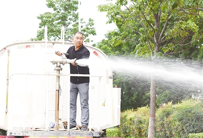 “使用這種高壓水槍要順著一個(gè)方向一點(diǎn)一點(diǎn)沖洗,不要這里沖一下那里沖一下。”看到環(huán)衛(wèi)工人正在路上沖洗清掃,楊躍偉耐心地向他們講解高壓水槍的使用方法和技巧。
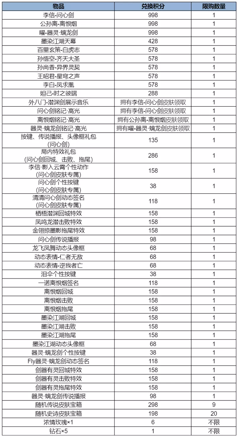 5、剑心令:可用于在兑换商店兑换李信-问心剑、公孙离-离恨烟、曜-器灵螭龙剑、墨染江湖天幕、百里玄策-白虎志、孙悟空-齐天大圣、孙尚香-异界灵契、王昭君-星穹之声、李白-凤求凰、妲己-时之彼端等奖励;通过每日福利、抽奖、在祈愿盒分解皮肤或道具,或获得已有皮肤转化等途径获取。
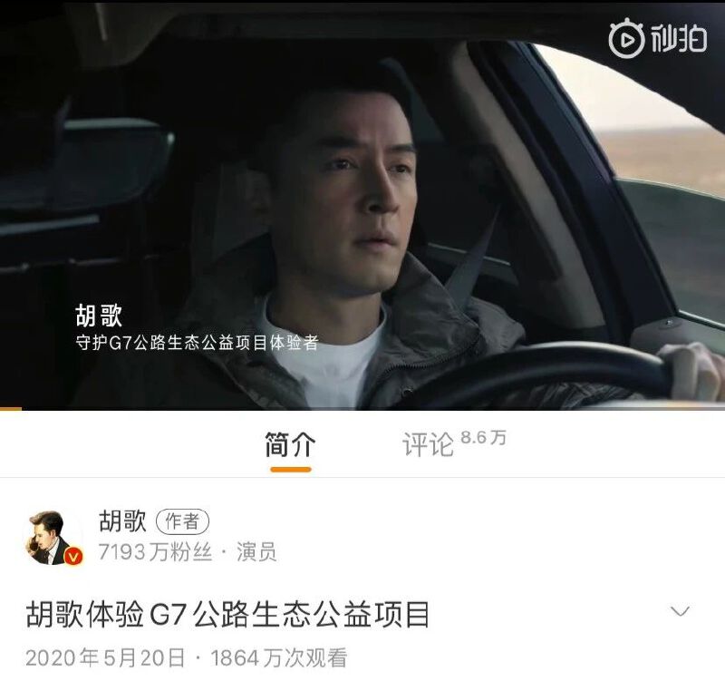 去年,胡歌还参加了守护G7公路的生态公益项目。G7公路是世界上穿越沙漠最长的高速公路,为了改善沿途荒漠化的自然环境,胡歌和公益项目的其他志愿者一同前往内蒙古额济纳旗,参与一年一度的春季种植。
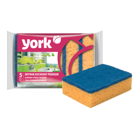 Губки для посуды 10х7,5х3 см, КОМПЛЕКТ 5 шт., MAXI, поролон с абразивным слоем, PREMIUM, YORK
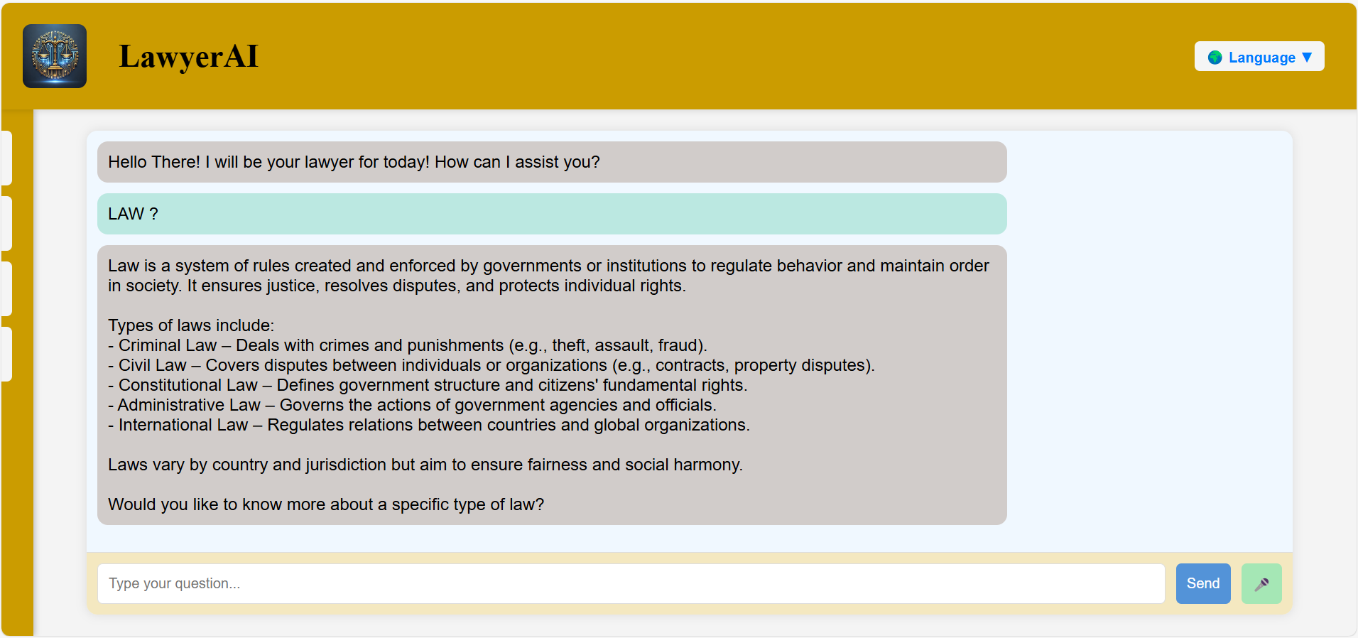 To address these challenges, LawyerAI serves as an AI-powered legal assistant that helps users: 🔹 Understand their legal rights based on Indian laws. 🔹 Find relevant legal information in a simple, easy-to-digest format. 🔹 Receive guided assistance on legal actions, including information on government authorities and legal aid services. 🔹 Use voice-based interaction for users who may struggle with text input. By making legal knowledge more accessible, LawyerAI ensures that people can make informed decisions and protect themselves from legal exploitation.
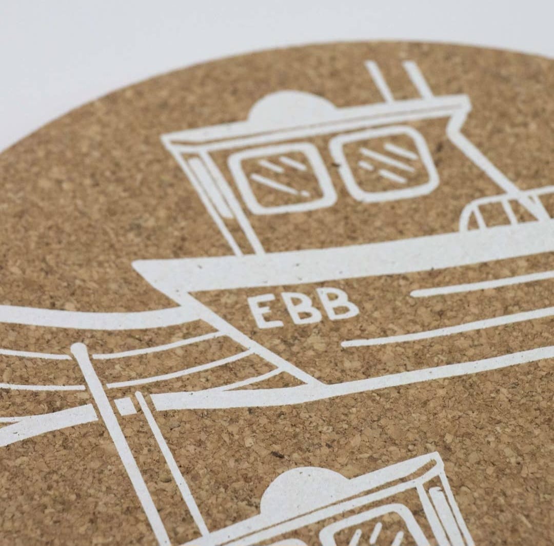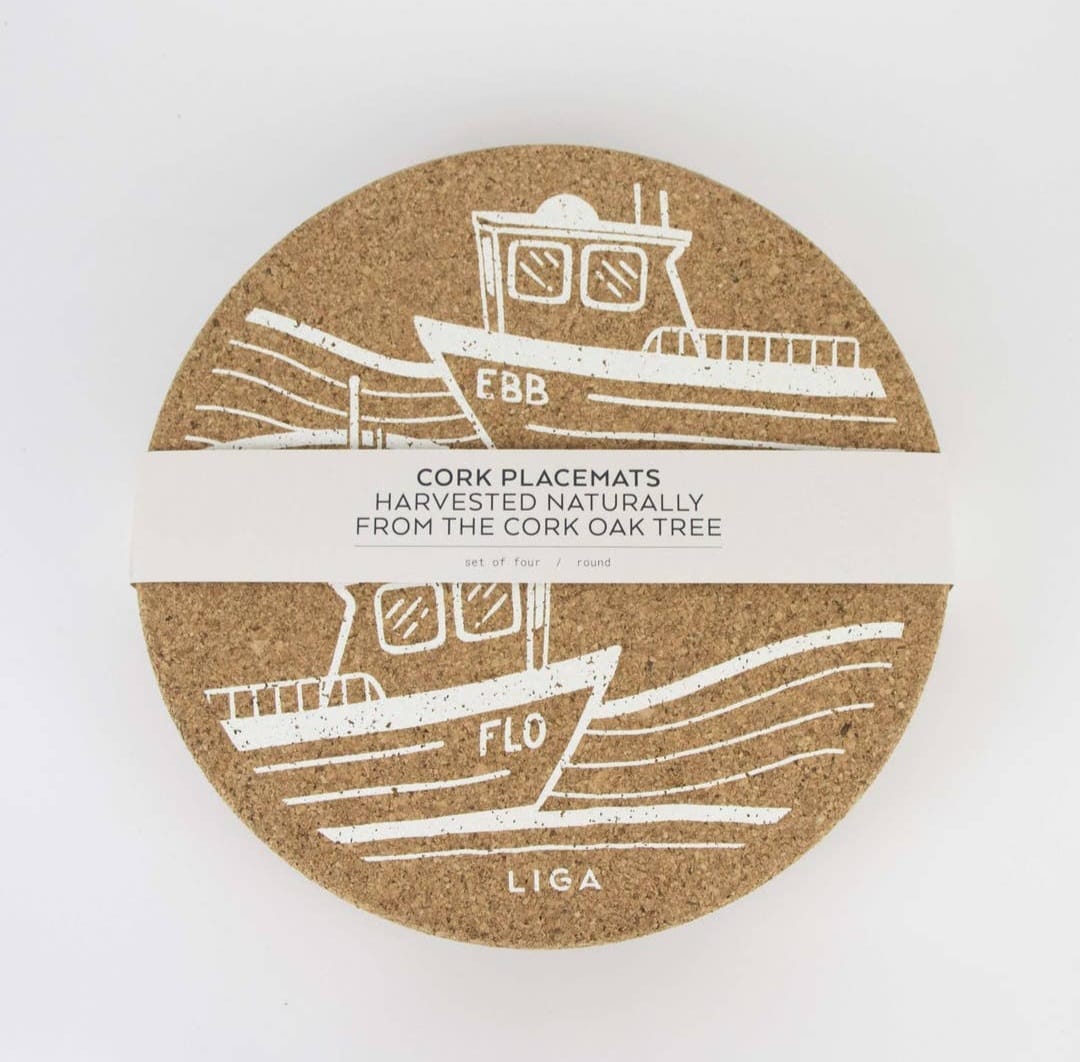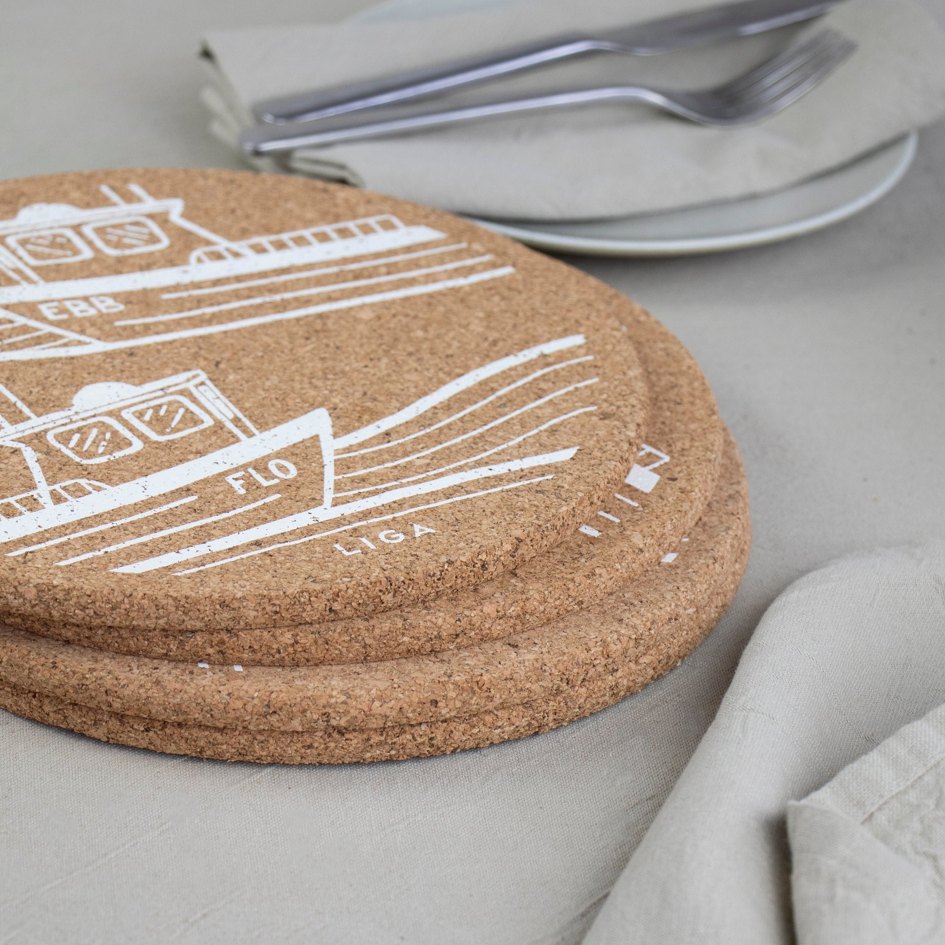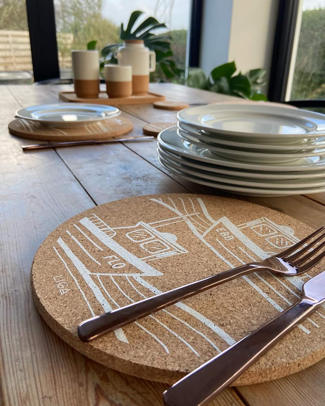 Organic cork placemats with simple contemporary designs. Inspired by nature, grown in Portugal, hand printed in Cornwall. These come as a set of 4. Sustainable Materials Cork is harvested naturally without harming the tree. The cork oak forests in Portugal offset ten million tonnes of carbon every year, and the more cork we use in our everyday lives the more cork oak trees will be planted. Cork really is a living breathing material, it continues to absorb C02 even as a LIGA product. Care Wipe clean with a damp cloth Good for indoor and outdoor dining. All of our printed placemats are not heatproof, warm to touch plates only due to the ink on the placemats + coasters Dimensions D25 cm H10 mm Plastic Free Packaging Our organic cork placemats + coasters sets are wrapped in a simple eco paper band. We use zero plastic in our packaging. Sustainable Living and eco giving.

Work to be completed:
Repeat exactly the lines from the first line of the records above through the line containing "Губки для посуды", leaving out the pictures.

Completed exercise:
 “使用這種高壓水槍要順著一個(gè)方向一點(diǎn)一點(diǎn)沖洗,不要這里沖一下那里沖一下。”看到環(huán)衛(wèi)工人正在路上沖洗清掃,楊躍偉耐心地向他們講解高壓水槍的使用方法和技巧。
 5、剑心令:可用于在兑换商店兑换李信-问心剑、公孙离-离恨烟、曜-器灵螭龙剑、墨染江湖天幕、百里玄策-白虎志、孙悟空-齐天大圣、孙尚香-异界灵契、王昭君-星穹之声、李白-凤求凰、妲己-时之彼端等奖励;通过每日福利、抽奖、在祈愿盒分解皮肤或道具,或获得已有皮肤转化等途径获取。
 去年,胡歌还参加了守护G7公路的生态公益项目。G7公路是世界上穿越沙漠最长的高速公路,为了改善沿途荒漠化的自然环境,胡歌和公益项目的其他志愿者一同前往内蒙古额济纳旗,参与一年一度的春季种植。
 Губки для посуды 10х7,5х3 см, КОМПЛЕКТ 5 шт., MAXI, поролон с абразивным слоем, PREMIUM, YORK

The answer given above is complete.